= Ira Hirsh =

Ira Hirsh (February 22, 1922 – January 12, 2010) was an American psychologist who made early contributions to the field of audiology. He was the Edward Mallinckrodt Distinguished University Professor of Psychology and Audiology at Washington University in St. Louis (WashU) and served as president of the Acoustical Society of America.

==Biography==
Born in New York, Hirsh earned an undergraduate degree from the New York State College for Teachers. While earning a master's degree at the Northwestern University School of Communication, he worked for a CBS Radio station in Chicago as a staff announcer and radio drama actor. After serving in the United States Army Air Forces, Hirsh earned a Ph.D. at Harvard University, where he conducted research at the Psycho-Acoustics Laboratory (PAL) under Stanley Smith Stevens. He took a position at the PAL before joining the Central Institute for the Deaf (a school for the deaf that teaches students using listening and spoken language which is affiliated with Washington University School of Medicine).

He remained affiliated with CID until 1983 and from, but he held academic posts at WashU at the same time, including professor of psychology and dean of arts and sciences. Hirsh wrote a well-known audiology textbook, The Measurement of Hearing (1952), and was widely published in professional journals. He made important research observations about the brain's processing of speech over various time intervals. He was president of the Acoustical Society of America (ASA) in 1967–68 and received the ASA Gold Medal in 1992. Hirsh was inducted into the National Academy of Sciences in 1979.

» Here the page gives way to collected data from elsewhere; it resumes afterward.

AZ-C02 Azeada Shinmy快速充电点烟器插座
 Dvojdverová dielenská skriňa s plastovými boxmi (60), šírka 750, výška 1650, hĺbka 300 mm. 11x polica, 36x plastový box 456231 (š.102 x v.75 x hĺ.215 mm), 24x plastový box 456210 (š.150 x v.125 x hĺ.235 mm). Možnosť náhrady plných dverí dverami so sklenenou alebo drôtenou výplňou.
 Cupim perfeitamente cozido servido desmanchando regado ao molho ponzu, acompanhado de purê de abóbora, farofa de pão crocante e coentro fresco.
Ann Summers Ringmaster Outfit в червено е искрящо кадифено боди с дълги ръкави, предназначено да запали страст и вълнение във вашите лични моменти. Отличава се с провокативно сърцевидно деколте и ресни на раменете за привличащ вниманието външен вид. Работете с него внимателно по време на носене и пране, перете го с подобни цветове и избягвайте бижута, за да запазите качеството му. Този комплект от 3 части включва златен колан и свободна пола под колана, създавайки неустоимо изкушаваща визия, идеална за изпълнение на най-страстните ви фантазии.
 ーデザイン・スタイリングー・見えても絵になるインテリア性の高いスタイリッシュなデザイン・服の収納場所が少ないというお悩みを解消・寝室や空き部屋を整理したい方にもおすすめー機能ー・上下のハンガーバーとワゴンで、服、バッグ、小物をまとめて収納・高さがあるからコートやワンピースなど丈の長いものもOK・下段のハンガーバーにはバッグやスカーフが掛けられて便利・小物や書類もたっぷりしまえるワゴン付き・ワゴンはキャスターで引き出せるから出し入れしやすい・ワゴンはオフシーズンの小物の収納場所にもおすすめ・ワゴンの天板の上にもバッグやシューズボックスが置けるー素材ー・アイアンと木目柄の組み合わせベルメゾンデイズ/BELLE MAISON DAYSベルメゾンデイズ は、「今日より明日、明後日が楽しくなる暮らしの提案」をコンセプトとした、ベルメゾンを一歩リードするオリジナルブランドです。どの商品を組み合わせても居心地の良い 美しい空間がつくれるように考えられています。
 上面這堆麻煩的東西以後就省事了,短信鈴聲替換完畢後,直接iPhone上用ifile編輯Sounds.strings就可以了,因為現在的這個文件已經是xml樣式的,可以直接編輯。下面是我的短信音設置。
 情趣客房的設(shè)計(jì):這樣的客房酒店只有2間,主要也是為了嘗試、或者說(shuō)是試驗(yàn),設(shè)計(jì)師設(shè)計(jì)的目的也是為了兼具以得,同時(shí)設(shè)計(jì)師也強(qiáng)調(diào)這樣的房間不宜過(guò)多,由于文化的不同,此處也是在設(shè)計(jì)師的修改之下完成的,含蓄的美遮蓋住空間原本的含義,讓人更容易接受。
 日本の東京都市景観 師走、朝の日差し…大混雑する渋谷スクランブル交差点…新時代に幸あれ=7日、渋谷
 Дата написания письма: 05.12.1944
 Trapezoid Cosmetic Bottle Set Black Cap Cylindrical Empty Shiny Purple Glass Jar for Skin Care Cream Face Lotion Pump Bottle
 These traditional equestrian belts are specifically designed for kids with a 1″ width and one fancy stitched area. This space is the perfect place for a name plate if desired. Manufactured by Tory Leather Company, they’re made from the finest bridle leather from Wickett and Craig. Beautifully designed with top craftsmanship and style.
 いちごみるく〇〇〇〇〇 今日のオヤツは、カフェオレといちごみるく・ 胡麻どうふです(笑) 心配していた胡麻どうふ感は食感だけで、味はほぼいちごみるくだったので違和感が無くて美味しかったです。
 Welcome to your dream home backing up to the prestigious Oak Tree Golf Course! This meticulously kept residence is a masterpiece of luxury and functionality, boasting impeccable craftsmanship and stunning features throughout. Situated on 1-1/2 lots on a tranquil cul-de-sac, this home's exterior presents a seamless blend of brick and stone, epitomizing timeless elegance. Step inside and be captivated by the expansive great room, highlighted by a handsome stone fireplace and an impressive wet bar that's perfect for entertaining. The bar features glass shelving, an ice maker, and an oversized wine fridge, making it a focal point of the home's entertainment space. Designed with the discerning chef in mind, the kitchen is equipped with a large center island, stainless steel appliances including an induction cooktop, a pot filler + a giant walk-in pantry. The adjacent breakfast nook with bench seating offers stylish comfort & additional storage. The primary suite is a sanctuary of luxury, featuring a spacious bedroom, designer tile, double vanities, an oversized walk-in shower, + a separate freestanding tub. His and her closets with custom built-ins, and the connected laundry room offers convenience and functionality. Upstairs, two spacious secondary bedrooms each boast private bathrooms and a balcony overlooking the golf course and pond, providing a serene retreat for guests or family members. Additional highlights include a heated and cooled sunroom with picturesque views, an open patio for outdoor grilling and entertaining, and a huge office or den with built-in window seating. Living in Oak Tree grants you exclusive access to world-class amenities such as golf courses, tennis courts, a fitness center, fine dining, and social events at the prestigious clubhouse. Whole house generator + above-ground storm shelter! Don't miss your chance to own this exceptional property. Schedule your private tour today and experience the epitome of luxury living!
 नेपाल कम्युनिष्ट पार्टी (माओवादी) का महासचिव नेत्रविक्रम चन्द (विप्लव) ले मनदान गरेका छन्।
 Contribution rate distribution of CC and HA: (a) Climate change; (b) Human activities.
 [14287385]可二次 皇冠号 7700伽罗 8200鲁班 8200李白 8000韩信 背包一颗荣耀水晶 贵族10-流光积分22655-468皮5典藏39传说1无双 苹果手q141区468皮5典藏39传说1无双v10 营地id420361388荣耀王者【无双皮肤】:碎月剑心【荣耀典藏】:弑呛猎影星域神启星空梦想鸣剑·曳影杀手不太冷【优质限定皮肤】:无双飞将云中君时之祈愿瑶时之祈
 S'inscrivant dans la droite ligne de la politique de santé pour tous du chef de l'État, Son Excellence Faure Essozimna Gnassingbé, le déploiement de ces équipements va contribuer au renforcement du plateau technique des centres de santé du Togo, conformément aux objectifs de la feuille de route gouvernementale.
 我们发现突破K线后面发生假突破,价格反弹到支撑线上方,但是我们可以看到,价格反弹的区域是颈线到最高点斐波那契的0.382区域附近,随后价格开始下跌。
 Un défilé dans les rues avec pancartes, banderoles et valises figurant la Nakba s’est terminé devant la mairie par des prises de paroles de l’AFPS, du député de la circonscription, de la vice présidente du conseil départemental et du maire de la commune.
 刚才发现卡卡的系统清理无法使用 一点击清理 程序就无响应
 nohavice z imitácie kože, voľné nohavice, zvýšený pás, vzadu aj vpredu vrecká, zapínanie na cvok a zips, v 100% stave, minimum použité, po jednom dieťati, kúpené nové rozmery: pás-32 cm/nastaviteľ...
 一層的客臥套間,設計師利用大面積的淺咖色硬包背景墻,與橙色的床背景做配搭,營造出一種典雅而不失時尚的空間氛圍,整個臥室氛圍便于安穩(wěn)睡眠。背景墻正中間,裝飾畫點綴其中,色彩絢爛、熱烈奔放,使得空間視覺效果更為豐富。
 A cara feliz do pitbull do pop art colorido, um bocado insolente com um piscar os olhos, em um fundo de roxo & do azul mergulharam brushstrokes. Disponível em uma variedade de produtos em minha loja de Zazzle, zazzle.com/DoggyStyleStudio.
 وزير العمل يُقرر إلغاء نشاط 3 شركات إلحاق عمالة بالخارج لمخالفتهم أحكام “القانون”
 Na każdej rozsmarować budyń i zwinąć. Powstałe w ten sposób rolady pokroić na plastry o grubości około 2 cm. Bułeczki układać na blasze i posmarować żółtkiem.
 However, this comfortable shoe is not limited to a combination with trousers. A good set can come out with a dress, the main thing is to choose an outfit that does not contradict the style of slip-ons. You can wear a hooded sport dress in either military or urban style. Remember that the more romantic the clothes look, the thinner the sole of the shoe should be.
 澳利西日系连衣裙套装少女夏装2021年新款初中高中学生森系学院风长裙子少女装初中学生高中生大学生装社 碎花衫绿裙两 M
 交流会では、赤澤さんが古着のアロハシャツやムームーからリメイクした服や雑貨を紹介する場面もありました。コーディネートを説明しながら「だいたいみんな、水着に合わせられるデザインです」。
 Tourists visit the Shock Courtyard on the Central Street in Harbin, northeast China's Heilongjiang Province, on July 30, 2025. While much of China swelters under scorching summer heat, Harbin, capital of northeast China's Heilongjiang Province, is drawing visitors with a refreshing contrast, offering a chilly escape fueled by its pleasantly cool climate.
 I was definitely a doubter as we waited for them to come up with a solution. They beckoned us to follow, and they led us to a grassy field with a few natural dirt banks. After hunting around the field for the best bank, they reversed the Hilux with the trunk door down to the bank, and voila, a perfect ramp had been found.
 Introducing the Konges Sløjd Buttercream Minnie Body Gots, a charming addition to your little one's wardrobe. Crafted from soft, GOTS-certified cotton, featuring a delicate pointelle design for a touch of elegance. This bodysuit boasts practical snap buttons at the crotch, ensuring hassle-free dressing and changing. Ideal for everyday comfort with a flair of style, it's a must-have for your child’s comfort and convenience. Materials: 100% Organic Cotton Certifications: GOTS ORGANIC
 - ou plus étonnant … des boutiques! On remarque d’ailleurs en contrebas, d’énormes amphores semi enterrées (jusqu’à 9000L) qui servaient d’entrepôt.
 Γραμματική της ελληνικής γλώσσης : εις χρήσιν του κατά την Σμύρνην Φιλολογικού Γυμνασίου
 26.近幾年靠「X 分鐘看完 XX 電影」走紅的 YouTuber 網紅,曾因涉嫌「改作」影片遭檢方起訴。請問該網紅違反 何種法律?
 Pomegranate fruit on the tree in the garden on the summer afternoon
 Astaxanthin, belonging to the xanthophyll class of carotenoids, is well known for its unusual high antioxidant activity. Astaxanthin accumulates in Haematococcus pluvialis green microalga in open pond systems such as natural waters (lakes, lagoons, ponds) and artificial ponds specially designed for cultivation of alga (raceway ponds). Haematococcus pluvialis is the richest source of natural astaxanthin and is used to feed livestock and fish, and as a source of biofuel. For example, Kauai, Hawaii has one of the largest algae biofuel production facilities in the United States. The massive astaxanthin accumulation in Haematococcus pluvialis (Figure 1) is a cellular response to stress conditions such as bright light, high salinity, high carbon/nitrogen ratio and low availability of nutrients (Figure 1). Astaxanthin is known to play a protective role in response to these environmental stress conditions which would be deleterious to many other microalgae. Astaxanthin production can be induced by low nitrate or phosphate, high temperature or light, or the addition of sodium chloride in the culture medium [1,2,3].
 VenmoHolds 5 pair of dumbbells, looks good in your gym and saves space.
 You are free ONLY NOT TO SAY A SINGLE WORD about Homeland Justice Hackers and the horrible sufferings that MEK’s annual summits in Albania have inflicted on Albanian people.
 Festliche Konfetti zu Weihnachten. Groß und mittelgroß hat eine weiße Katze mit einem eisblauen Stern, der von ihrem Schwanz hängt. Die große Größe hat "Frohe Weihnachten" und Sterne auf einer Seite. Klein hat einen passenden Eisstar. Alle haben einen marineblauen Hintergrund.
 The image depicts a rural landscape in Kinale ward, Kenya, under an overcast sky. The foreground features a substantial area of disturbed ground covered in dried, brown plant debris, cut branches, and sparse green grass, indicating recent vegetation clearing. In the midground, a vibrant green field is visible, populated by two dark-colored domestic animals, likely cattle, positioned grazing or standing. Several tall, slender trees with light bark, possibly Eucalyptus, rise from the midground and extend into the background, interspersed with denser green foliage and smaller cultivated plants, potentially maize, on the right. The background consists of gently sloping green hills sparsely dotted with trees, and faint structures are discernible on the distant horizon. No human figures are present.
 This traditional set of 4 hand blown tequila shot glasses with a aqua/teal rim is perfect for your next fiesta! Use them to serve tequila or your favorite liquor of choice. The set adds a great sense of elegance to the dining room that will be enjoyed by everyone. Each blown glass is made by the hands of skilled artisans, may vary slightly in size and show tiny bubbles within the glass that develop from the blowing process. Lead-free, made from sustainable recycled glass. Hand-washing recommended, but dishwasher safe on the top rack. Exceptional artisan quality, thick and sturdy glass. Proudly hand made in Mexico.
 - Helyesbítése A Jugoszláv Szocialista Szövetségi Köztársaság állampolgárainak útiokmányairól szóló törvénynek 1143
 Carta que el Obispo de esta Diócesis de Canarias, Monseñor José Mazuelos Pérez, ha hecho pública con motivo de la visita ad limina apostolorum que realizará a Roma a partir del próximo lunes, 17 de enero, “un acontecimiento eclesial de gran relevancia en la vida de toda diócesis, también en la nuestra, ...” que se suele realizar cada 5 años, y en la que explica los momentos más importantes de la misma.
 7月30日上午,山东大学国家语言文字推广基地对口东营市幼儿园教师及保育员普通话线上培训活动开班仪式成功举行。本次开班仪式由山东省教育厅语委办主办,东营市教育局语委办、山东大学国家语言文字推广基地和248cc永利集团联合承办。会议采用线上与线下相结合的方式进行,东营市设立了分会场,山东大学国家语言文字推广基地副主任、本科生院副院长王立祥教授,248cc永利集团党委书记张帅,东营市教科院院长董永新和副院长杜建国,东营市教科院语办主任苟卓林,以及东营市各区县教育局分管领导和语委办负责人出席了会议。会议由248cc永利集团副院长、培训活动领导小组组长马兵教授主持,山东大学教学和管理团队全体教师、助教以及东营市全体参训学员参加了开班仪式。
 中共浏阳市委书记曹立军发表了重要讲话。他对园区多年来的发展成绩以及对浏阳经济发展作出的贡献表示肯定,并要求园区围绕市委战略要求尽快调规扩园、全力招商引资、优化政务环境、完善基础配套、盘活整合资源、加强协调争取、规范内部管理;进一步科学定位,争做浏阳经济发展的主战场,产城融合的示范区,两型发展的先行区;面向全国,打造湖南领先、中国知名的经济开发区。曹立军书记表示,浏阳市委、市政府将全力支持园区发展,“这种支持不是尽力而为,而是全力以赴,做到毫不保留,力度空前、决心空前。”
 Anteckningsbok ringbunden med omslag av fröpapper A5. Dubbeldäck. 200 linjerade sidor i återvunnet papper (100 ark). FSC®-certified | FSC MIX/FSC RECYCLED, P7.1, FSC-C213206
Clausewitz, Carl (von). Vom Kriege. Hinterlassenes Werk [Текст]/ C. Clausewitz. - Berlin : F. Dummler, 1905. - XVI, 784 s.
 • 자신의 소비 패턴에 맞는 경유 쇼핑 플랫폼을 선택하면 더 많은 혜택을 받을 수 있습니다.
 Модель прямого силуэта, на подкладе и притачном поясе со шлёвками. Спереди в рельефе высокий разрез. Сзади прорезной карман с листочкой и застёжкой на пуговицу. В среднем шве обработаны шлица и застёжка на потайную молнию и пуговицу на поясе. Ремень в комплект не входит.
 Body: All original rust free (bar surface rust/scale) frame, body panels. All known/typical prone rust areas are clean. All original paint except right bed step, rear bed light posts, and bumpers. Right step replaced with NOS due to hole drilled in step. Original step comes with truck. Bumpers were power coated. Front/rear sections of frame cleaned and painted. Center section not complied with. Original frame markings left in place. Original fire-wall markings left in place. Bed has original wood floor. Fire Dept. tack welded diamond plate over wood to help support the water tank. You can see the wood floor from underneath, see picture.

In their spare time, Hirsh and his wife Shirley participated in ice dancing. Hirsh sang in the choir at the First Unitarian Church of St. Louis and was a member of the Saint Louis Chamber Chorus and the Bach Society of St. Louis. Upon his wife's 2004 death, Hirsh had been married for 61 years. He had four children. Hirsh died in 2010 in a convalescent center in Durham, North Carolina.